John Kerry, the Democratic challenger for the White House, is close to the announcement of his vice-presidential running mate, possibly in time for the pair to appear at a major New York fundraiser on Thursday.

John Kerry, the Democratic challenger for the White House, is close to the announcement of his vice-presidential running mate, possibly in time for the pair to appear at a major New York fundraiser on Thursday.

Even by the traditionally secretive standards of the vice-presidential selection process, this has been an exceptionally leak-proof operation, with no sign that any of the touted candidates has established a decisive advantage.

But with the Democratic nominating convention in Boston barely three weeks away, the moment of choice cannot much longer be put off. In a sign the decision may be imminent, Bill Richardson, the governor of New Mexico and widely mentioned as a dark horse candidate, publicly took himself out of the running on Thursday, citing his promise to voters in his state to serve out his full term as governor.
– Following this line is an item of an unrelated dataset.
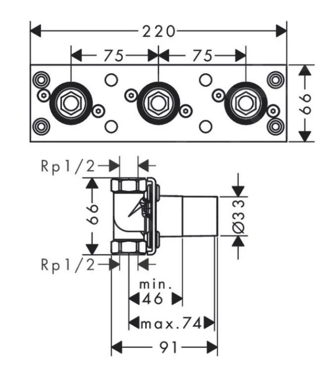 Montagegarnituur voor thermostaat op wand/voor inbouw, voor 2 functies

The announcement followed a two-hour meeting between Mr Kerry and Mr Richardson.

The withdrawal of Mr Richardson, whose biggest attraction was his popularity in the important Hispanic constituency, leaves three contenders at the top of every analyst's shortlist: the North Carolina senator John Edwards, the former Democratic House leader Richard Gephardt, and Tom Vilsack, the highly regarded governor of Iowa.
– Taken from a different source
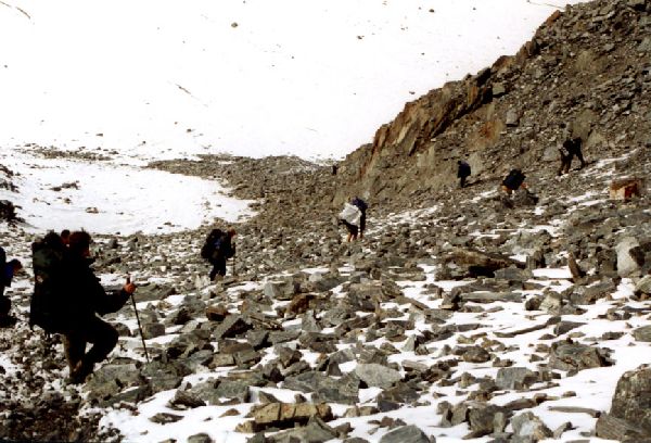 Der Abstieg vom Pass ueber vereistes Geroellfeld

If rank-and-file Democrats had a say in the matter, Mr Edwards would be the strong favourite. His personal magnetism was evident on the campaign trail, where he was the last serious challenger to the Massachusetts senator, and many senior Democrats have urged Mr Kerry both in public and in private to pick him.

Though Mr Edwards would probably not enable Mr Kerry to carry any states in the South, which the Bush-Cheney ticket swept in 2000, he has national appeal, and generates buzz and excitement in a manner the sometimes dour and ponderous Mr Kerry rarely matches.

The problem lies in the personal relationship between the two men - civilised enough, but nowhere near as easy as that between Mr Kerry and Mr Gephardt. The challenger may also fear that the campaigning skills of the fluent Mr Edwards will make his own efforts seem embarrassingly cumbersome.

Mr Gephardt by contrast is probably the closest of the three to Mr Kerry. At 63, he is considered too old to have subsequent presidential ambitions of his own. A veteran of two White House campaigns in his own right, and with 28 years in Congress, he has huge Washington experience and strong ties to the core Democratic constituency of organised labour.

An added possible bonus is Mr Gephardt's native Missouri, a vital battleground state which Mr Bush narrowly won four years ago, and which only once in the past century has not voted with the winner in a presidential election. His drawback however is that he is an overfamiliar figure, who would add little excitement to the Democratic ticket. A third option is Mr Vilsack, a rising star among Democratic governors who personally gets on very well with Mr Kerry, and who could ensure that the Democrats carry his home state of Iowa, which Al Gore won by barely 4,000 votes, less than 1 per cent, in 2000.

This weekend Mr Kerry is scheduled to make a bus tour of several key mid-Western states, before spending Monday at his wife's farm near Pittsburgh. It is then that he may make the final decision, a report in his home town paper, The Boston Globe, said this week.